Check out the full documentation for details.
Blockade features:
A flexible YAML format to describe the containers in your application
Support for dependencies between containers, using named links
A CLI tool for managing and querying the status of your blockade
Creation of arbitrary partitions between containers
Giving a container a flaky network connection to others (drop packets)
Giving a container a slow network connection to others (latency)
While under partition or network failure control, containers can freely communicate with the host system – so you can still grab logs and monitor the application.
Blockade is written and maintained by the Dell Cloud Manager (formerly Enstratius) team and is used internally to test the behaviors of our software. We also release a number of other internal components as open source, most notably Dasein Cloud.
Inspired by the excellent Jepsen series.
Requirements
docker (>= 1.4.0 due to docker-py)
iproute2 tools (ip and tc specifically)
Configuration
Blockade expects a blockade.yaml file in the current directory which describes the containers to launch, how they are linked, and various parameters for the blockade modes. Example:
containers:
c1:
image: my_docker_image
command: /bin/myapp
volumes:
"/opt/myapp": "/opt/myapp_host"
expose: [80]
environment:
"IS_MASTER": 1
ports:
81: 80
c2:
image: my_docker_image
command: /bin/myapp
volumes: ["/data"]
expose: [80]
links:
c1: master
c3:
image: my_docker_image
command: /bin/myapp
expose: [80]
links:
c1: master
network:
flaky: 30%
slow: 75ms 100ms distribution normal
Blockade stores transient information in a local .blockade/ directory. This directory will be cleaned up automatically when you run the blockade destroy command.
Usage
Blockade may be used from the command line manually. The commands are also intended to be easy to wrap and automate within tests, etc.

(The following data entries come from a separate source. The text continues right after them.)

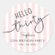 This 30th birthday party sticker showcases modern script typography reading “Hello Thirty,” complemented by a soft pink and white striped background. It's simple yet stylish design makes it a perfect feminine touch for a birthday party.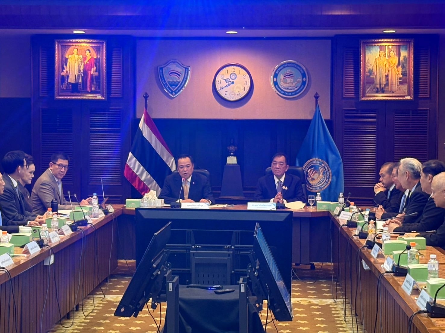 18 ก.ย.2568 - ที่หอการค้าไทยและสภาหอการค้าแห่งประเทศไทย นายอนุทิน ชาญวีรกูล นายกรัฐมนตรี เป็นประธานประชุมหารือเพื่อแก้ไขปัญหาเศรษฐกิจ ระหว่างคณะรัฐบาล และคณะกรรมการหอการค้าไทยและสภาหอการค้าแห่งประเทศไทย โดยมีนายเอกนิติ นิติทัณฑ์ประภาศ ว่าที่รองนายกรัฐมนตรีและรมว.การคลัง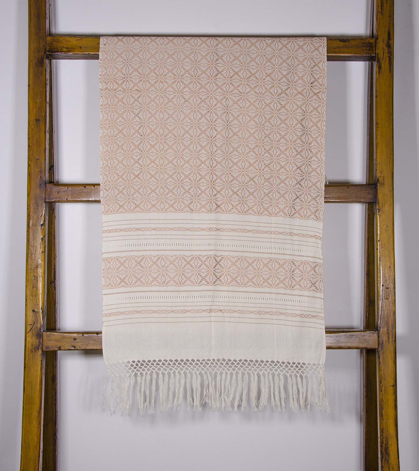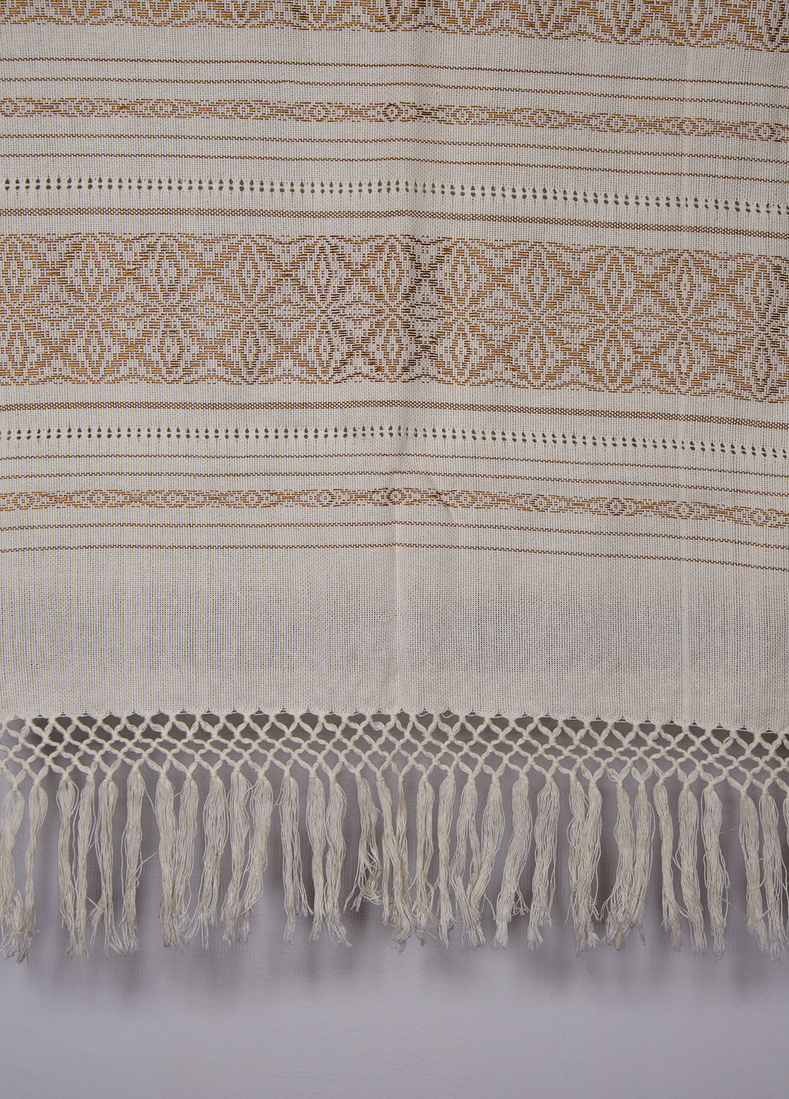 Pieza tejida con hilados de algodón y de seda, en telar de cintura, por tejedoras de Mitla, ubicadas a 600 km. al sur de la ciudad de México. Su estructura ha sido concebida con la técnica de tejido balanceado (trama y urdimbre a la vista), para lograr una tela liviana y fina. El complicado diseño floral de trama de doble faz, logrado con los hilos de seda que surcan la urdimbre de algodón, encierran un detalle íntimo y secreto a los ojos del común de la gente: los pétalos de las flores son en realidad figuras geométricas presentes en los frisos y paredes de la antigua ciudad de Mictlan.
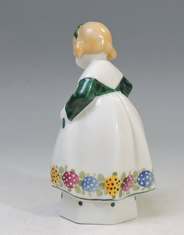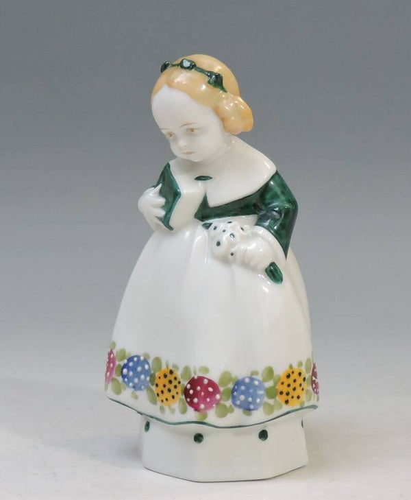 Traumhafte, alte Figur aus dem Hause Katzhütte. Auf einem Sockel stehendes Mädchen mit einem Buch und Blumen. Wunderschöne Bemalung im und herrlich dargestellte Figur. Das seltene Stück ist in sehr gutem Zustand, keine Beschädigungen oder Ähnliches. Gemarkt ist die Figur mit blauer Katzhütte Stempel. Höhe beträgt 11 cm.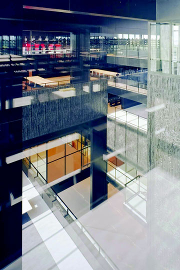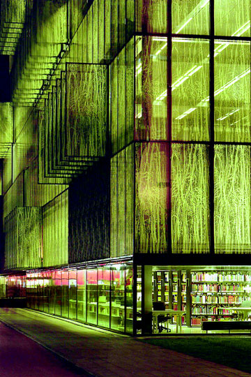 Besides housing 42 million books, the library was intended to being a place where people could work in a concentrated manner, to also become the intellectual social center for the suburban university campus, where students and others can come to study and meet at all times of the day. The 40 meter tall library and the adjacent, lower parking garage, both clad in glass and concrete imprinted with the same silk-screened figurative pattern, are sited on the major road and pedestrian pathway across the campus. The simple rectangular massing of the library and the repetitive rhythm of its concrete cladding and glazing, which is subtly modulated by the projecting operable sections, stands in stark contrast to the rich, plastic spatial complexity of the interior spaces.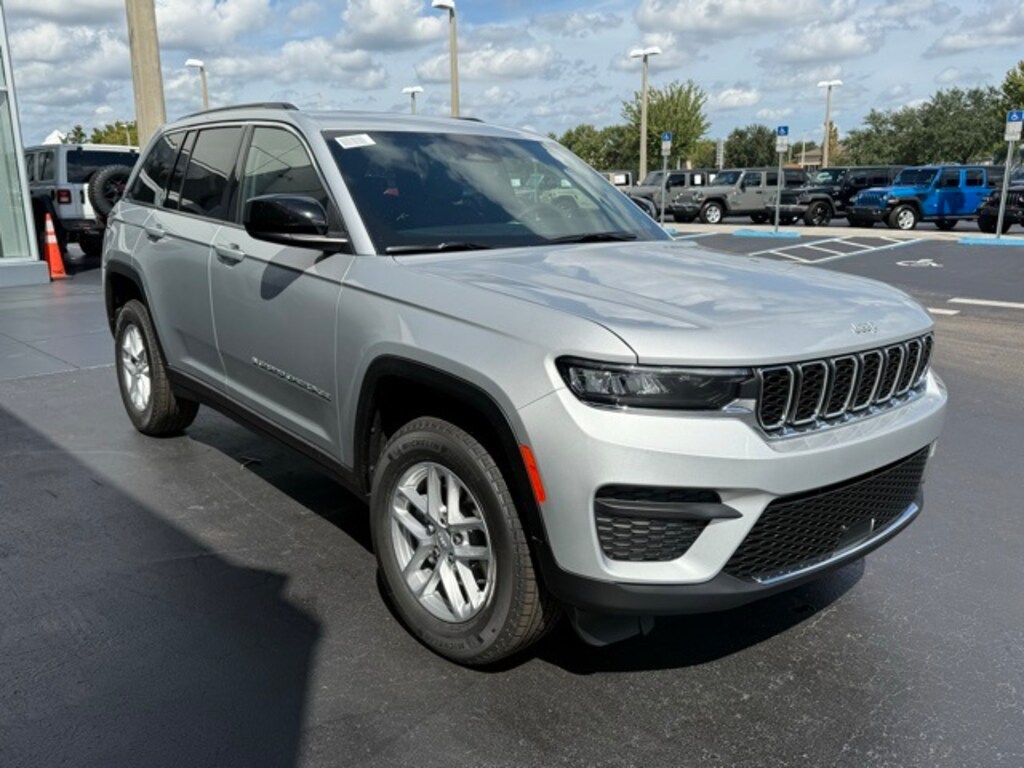 This Grand Cherokee is well equipped with Luxury Tech Group I (115V Auxiliary Power Outlet, Heated Front Seats, Heated Steering Wheel, Power Liftgate, Rain Sensitive Windshield Wipers, Remote Start System, Satellite Radio, Secondary Active Grille Shutters, Selectable Tire Fill Alert, and Wireless Charging Pad), Quick Order Package 23D Laredo X (Laredo X, Power Sunroof, and Wheels: 18" x 8" Fully Painted Aluminum), 4-Wheel Disc Brakes, 6 Speakers, ABS brakes, Air Conditioning, Alloy wheels, AM/FM radio: SiriusXM, Anti-whiplash front head restraints, Automatic temperature control, Brake assist, Bumpers: body-color, Cloth Seats, Compass, Delay-off headlights, Driver door bin, Driver vanity mirror, Dual front impact airbags, Dual front side impact airbags, Electronic Stability Control, Emergency communication system, Four wheel independent suspension, Front anti-roll bar, Front Bucket Seats, Front Center Armrest w/Storage, Front dual zone A/C, Front reading lights, Fully automatic headlights, Heated door mirrors, Illuminated entry, Knee airbag, Low tire pressure warning, Model Year Tracking, Normal Duty Suspension, Occupant sensing airbag, Outside temperature display, Overhead airbag, Overhead console, Panic alarm, ParkView Rear Back-Up Camera, Passenger door bin, Passenger vanity mirror, Power door mirrors, Power driver seat, Power steering, Power windows, Radio data system, Radio: Uconnect 5 w/8.4" Display, Rear anti-roll bar, Rear reading lights, Rear window defroster, Rear window wiper, Remote keyless entry, Security system, Speed control, Speed-Sensitive Wipers, Split folding rear seat, Spoiler, Steering wheel mounted audio controls, Tachometer, Telescoping steering wheel, Tilt steering wheel, Traction control, Trip computer, Variably intermittent wipers, Voltmeter, and Wheels: 17" x 6.5" Fully Painted Aluminum. Not all customers qualify for all rebates. See dealer for details. Price includes: $1750 - 2025 National Retail Bonus Cash . Exp. 11/03/2025 $500 - 2025 National Jeep Monopoly Money Bonus Cash . Exp. 11/03/2025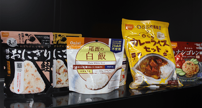 国産米100%使用をはじめ、28品目アレルゲンフリー、ハラール認証の商品など、多様なニーズに対応した製品を展開する。大地震やゲリラ豪雨など、災害による自治体や民間企業への納入はもちろんのこと、個人の備蓄や、登山者、海外旅行者の行動食など、広く利用されている。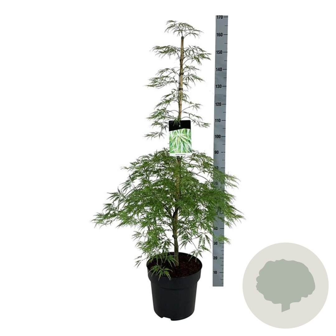 | Toelichting | De Japanse esdoorn (Acer pal. 'Dissectum') is een prachtige sierheester met groen blad en een compacte groeiwijze. Deze plant bloeit in april en mei en gedijt het beste in halfschaduw op zure, humusrijke grond. Bereikt een hoogte van 150 cm. |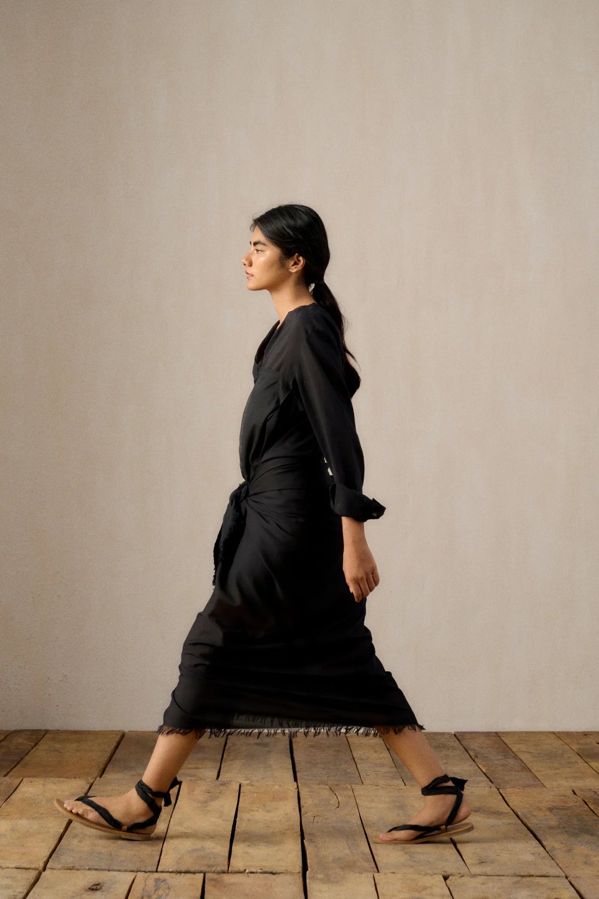 Sarong-style shirt dress with fabric button details and waist tie extensions
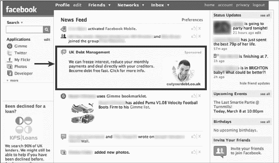 ![]() Рис. 9.5. Рекламодатели в Facebook могут гипертаргетировать свою рекламу на основании восьми параметров, видя при этом, сколько участников Facebook соответствуют заданным критериям

Blockade must be run as root (or with sudo).
Commands
blockade up
Start the containers and link them together, if necessary.
blockade destroy
Destroys all containers and restore networks.
blockade status
Print the status of the containers and blockade.
blockade flaky n1
blockade flaky n1 n2
Make network flaky to one or more containers.
blockade slow n1
Make network slow to one or more containers.
blockade duplicate n1
Toggle sporadic duplicate packets in the network of one or more containers.
blockade fast n1
Restore network speed and reliability to one or more containers.
blockade partition n1,n2
blockade partition n1,n2 n3,n4
Create one or more network partitions. Each partition is specified as a comma-separated list. Containers may not exist in more than one partition. Containers not specified are grouped into an implicit partition. Each partition command replaces any previous partition or block rules.
blockade join
Remove all partitions between containers.
blockade random-partition
Introduce one or many random partitions among the configured nodes.
License
Blockade is offered under the Apache License 2.0.
Development
Install test dependencies with pip install blockade[test].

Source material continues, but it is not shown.